Shadows formed within the pupil—more eyes, more tendrils, something vast pressing through.

The water pressure dropped.

"Five seconds!"

Zhou Ming's fingers bled as he ripped free the final mechanical lock. The Zero-Element crystal core ignited with unstable blue light.

"Three seconds! But it needs at least ten seconds to preheat!"

Deshui looked at the rift. The eye now filled it entirely. Reflected within was no longer the armory—but endless void, writhing with shapes.

There was no ten seconds.

Deshui made his decision.

He grabbed not the cutter—but a Zero-Element energy battery rod, a high-density power source for heavy weapons.

Extremely unstable.

"Captain! That thing will—" Zhang Yifan cried.

"I know," Deshui said calmly.

With the last functioning joint of his suit, he hurled the battery rod at the rift's edge—at the space itself.

The casing ruptured as it passed through distorted physics.

Zero-Element energy met void energy.

Mutual annihilation.

No explosion.

Something worse.

Reality and void canceled each other out, like matter and antimatter.

Blinding white light swallowed everything. Walls, ceiling, floor—all turned translucent, as if existence itself were dissolving.

The eye screamed—soundless, but agonizing.

The rift collapsed.

Three seconds.

Then silence.

The armory lay in ruins. The rift was gone. Only a charred mark remained on the floor—shaped like a giant eye.

The squad lay sprawled, suit alarms beeping low power.

A long silence.

"…Did we win?" Lu Xiao rasped.

"Temporarily," Deshui said, forcing himself upright. He manually cracked open his helmet. "The beacon's destroyed. But if they can deploy one, they can deploy more."
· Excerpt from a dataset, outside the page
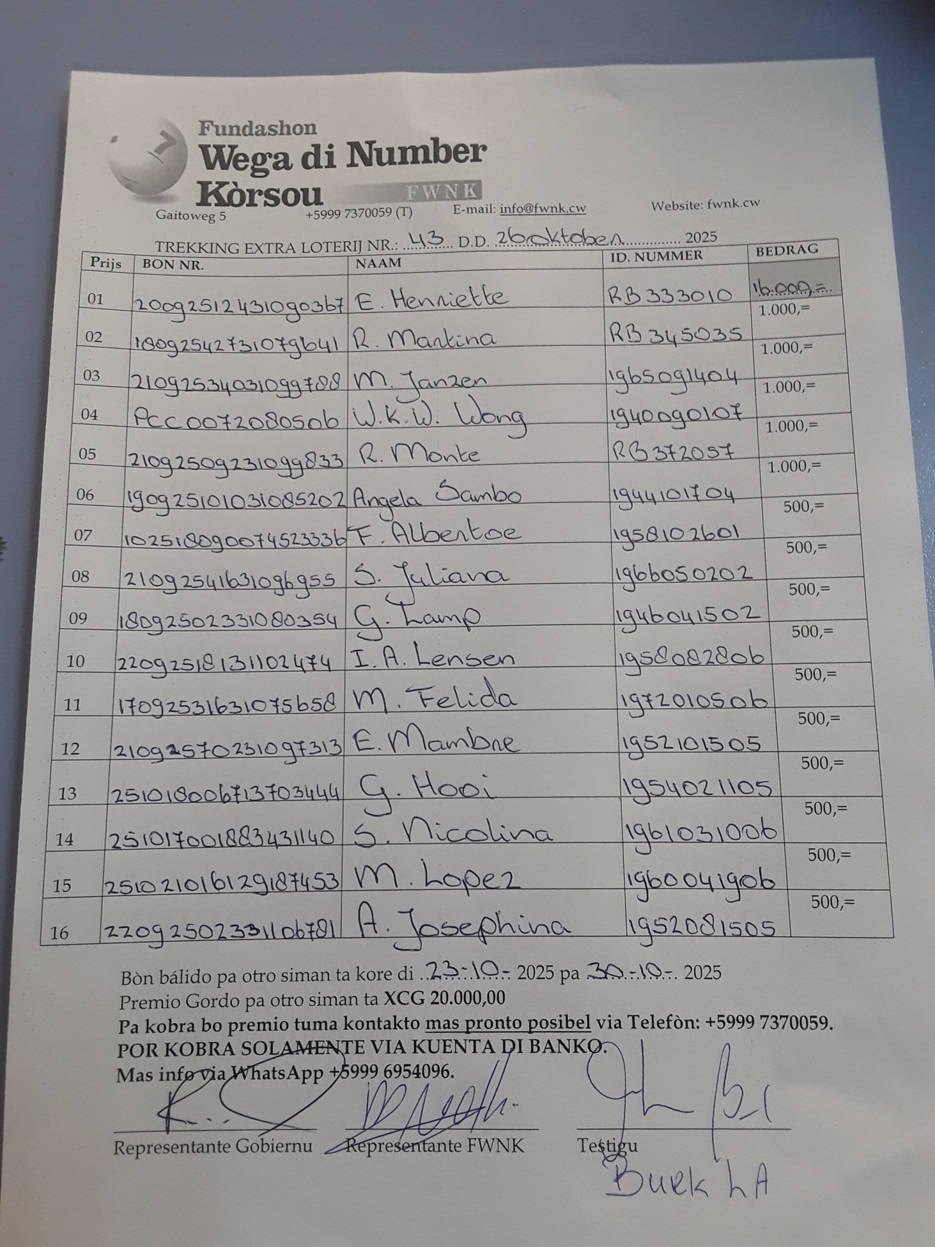 Sorteo Wega di Number Kòrsou i Sorteo Èkstra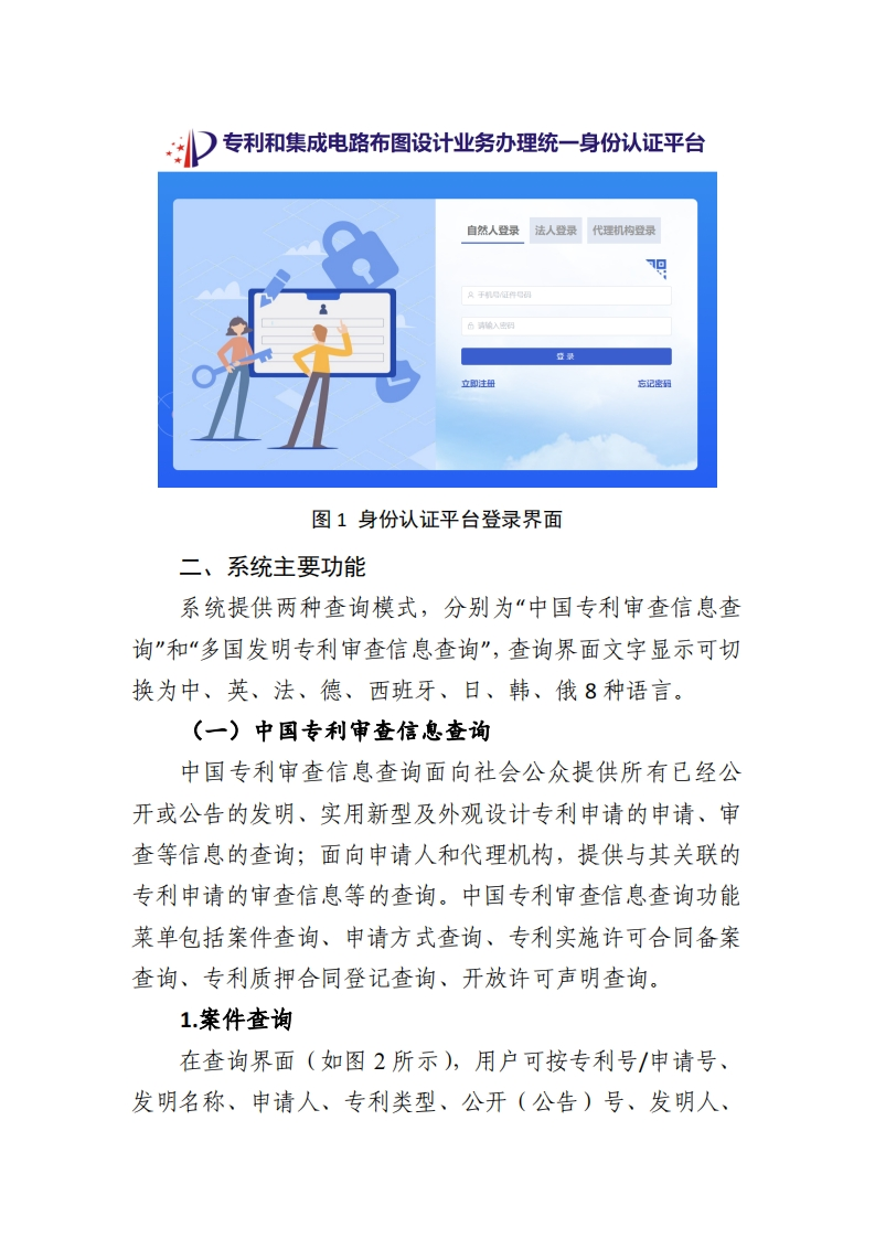 中国及多国专利审查信息查询系统简介为提供高效便捷的专利查询服务,中国及多国专利审查信息查询系统面向社会公众、申请人和代理机构等群体,提供中国已经公开或公告的发明、实用新型及外观设计专利申请的申请、审查等信息的查询,同时提供美、日、欧、韩四局的专利信息查询。一、系统访问与登录中国及多国专利审查信息查询系统有多种访问途径,常用的一是通过专利业务办理系统选择“专利审查信息查询”进行访问,二是通过国家知识产权官方网站政务服务栏目选择“专利审查信息查询”进行访问。访问时用户需通过专利和集成电路布图设计业务办理统一身份认证平台登录,平台提供3种登录模式(如图1所示),自然人使用手机号或证件号码登录,法人使用统一社会信用代码登录,代理机构使用代理机构代码登录。如需注册账号,根据提示进入注册界面,按要求填写信息即可完成注册。

He looked at the still-flickering lights, still transmitting binary code.

"And the base is still compromised. The source hasn't been found."

Zhou Ming cradled the now-useless cutter. "Captain… I noticed something while working on this. Its control chip had the same anomalous code. Not a virus. More like…"

"A call," Deshui said.

Zhou Ming looked up, eyes full of fear. "A call for more void."

From deep within the base came a dull impact.

One.

Two.

Three.

Like a heartbeat.

Or like something enormous knocking—trying to get in.

Deshui stood, surveying his battered team and the fallen armory.

"Gather usable weapons and supplies," he said, voice steel once more. "We're heading to the command center."

"Why?" Li Yuan asked.

"Because if the source is there," Deshui replied evenly, chambering a shell in a purely mechanical shotgun, "then we shut it down."

"Physically."

He racked the slide. Clack.

"And find out who—or what—is inviting the void inside."

The impacts came again. Closer.

The team rose together.

No one asked about the odds.

Because they already knew.

And they moved anyway.

Because Captain Deshui stood up.

Because they were a squad.

And because some things matter more than survival—

Like not letting those eyes enter your world.